Start of Block

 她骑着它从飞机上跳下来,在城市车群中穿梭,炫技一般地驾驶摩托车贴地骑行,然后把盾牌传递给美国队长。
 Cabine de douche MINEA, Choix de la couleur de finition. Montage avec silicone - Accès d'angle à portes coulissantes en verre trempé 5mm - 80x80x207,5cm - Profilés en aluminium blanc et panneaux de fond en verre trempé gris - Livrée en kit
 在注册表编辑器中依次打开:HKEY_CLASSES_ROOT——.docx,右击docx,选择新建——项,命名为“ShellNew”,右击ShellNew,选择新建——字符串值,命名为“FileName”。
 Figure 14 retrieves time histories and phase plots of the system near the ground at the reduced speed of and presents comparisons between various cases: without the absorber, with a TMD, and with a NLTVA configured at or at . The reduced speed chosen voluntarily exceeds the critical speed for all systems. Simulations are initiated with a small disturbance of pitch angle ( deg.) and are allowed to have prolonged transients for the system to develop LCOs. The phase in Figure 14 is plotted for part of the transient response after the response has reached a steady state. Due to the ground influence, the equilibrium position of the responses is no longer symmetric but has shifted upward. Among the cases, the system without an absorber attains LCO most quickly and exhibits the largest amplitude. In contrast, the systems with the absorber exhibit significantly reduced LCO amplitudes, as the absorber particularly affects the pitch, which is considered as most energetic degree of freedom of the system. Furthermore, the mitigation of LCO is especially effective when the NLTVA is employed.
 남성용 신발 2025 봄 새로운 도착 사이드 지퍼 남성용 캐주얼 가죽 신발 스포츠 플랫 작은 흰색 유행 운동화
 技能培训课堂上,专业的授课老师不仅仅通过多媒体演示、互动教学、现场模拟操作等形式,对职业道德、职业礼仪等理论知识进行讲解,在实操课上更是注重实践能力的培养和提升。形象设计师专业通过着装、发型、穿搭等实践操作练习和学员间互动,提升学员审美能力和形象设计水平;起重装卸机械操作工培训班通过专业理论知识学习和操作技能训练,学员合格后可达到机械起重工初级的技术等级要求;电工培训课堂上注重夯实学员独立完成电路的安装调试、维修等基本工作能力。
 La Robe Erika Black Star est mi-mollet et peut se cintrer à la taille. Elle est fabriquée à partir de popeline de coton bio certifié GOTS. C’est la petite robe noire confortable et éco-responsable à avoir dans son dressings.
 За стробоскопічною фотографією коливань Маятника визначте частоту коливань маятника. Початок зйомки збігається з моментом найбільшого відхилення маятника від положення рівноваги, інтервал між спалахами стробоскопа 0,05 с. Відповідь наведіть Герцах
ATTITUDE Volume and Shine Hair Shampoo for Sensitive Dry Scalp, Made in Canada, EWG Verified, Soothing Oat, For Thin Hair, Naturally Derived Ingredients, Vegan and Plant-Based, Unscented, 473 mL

End of Block

Write out exactly the lines above from the line with "技能培训课堂上,专业的授课老" through the line with "За стробоскопічною фотографією", both of them included, and leave out all other lines.

**Result below**
 技能培训课堂上,专业的授课老师不仅仅通过多媒体演示、互动教学、现场模拟操作等形式,对职业道德、职业礼仪等理论知识进行讲解,在实操课上更是注重实践能力的培养和提升。形象设计师专业通过着装、发型、穿搭等实践操作练习和学员间互动,提升学员审美能力和形象设计水平;起重装卸机械操作工培训班通过专业理论知识学习和操作技能训练,学员合格后可达到机械起重工初级的技术等级要求;电工培训课堂上注重夯实学员独立完成电路的安装调试、维修等基本工作能力。
 La Robe Erika Black Star est mi-mollet et peut se cintrer à la taille. Elle est fabriquée à partir de popeline de coton bio certifié GOTS. C’est la petite robe noire confortable et éco-responsable à avoir dans son dressings.
 За стробоскопічною фотографією коливань Маятника визначте частоту коливань маятника. Початок зйомки збігається з моментом найбільшого відхилення маятника від положення рівноваги, інтервал між спалахами стробоскопа 0,05 с. Відповідь наведіть Герцах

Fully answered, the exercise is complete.